The value of i is null and its type Int?. No surprises here.

Score

Kotlin support for Java primitive types is clearly better.

First, Scala doesn't automatically maps the Java primitive types to its own types, which forces the developer to explicitly declare the Scala type. But then the implicit conversions break in uninvited with unexpected results. In practice, in order to support a nullable primitive type one should stay with the Java wrapper type (java.lang.Integer) instead of trying to use Scala Int. Even using an Option is not the best solution because it's error-prone as we saw above and has poor performance: you end up at runtime with a wrapper (Option) wrapping a wrapper (java.lang.Integer)…

Moreover, The Scala type hierarchy is confusing: a Scala Int is an AnyVal which is non-nullable, but it can map to both Java int and java.lang.Integer; however java.lang.Integer is an AnyRef, therefore sitting in another branch of the hierarchy. We saw in challenge 1.2 (collections of primitive values) how this can be problematic.

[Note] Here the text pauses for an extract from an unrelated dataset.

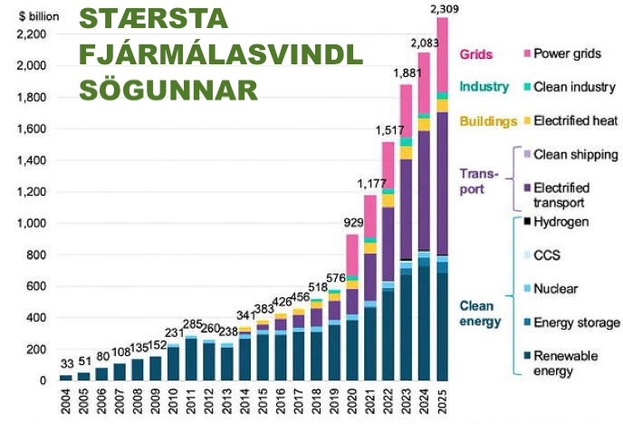 Samkvæmt danska prófessornum Bjorn Lomborg hafa grænu umskiptin kostað heiminn 16 billjónir dollara fram að þessu (trilljónir á ensku). Stephen Moore skrifar um málið í Epoch Times og veltir fyrir sér, hvort loftslagsblekkingin sé ekki „stærsta fjármálasvindl sögunnar?“
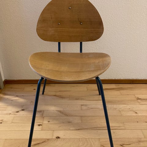 Super fin lyserød søsternegrene stol. Nem at tørre af. Siddehøjden er 50 cm

On the other hand in Kotlin the mapping from Java primitive types to Kotlin types is automatic and without unexpected implicit conversion getting in the way. Throwing an exception with a detailed message when a null value is unexpected is better than hiding programming errors. Nullable primitive types are supported natively and without overhead by simply using Int?.

The Kotlin type hierarchy looks simpler and sound to me: a Kotlin Int can map both to a Java int or a non-nullable java.lang.Integer, while a Int? maps to a nullable java.lang.Integer.

Kotlin 4 - Scala 0

Conclusion

Kotlin wins hands down the Java interoperability showdown. Kotlin lives up to its promises, at least against issues that I have encountered with Scala.

This comparison may be not really fair with Scala because I choose examples where I did already know that Scala had issues with. Kotlin could have interoperability issues that Scala have not. If I found some in the future, I would update this article.

However, I'm not surprised that Scala has more interoperability issues than Kotlin. Scala was not designed with Java interoperability as a primary goal: it's simply a byproduct of running on the JVM. Even though interoperability is used as a marketing argument to attract developers, in practice when moving to Scala, teams have to leave behind the Java ecosystem and adopt the Scala ecosystem in order to be productive.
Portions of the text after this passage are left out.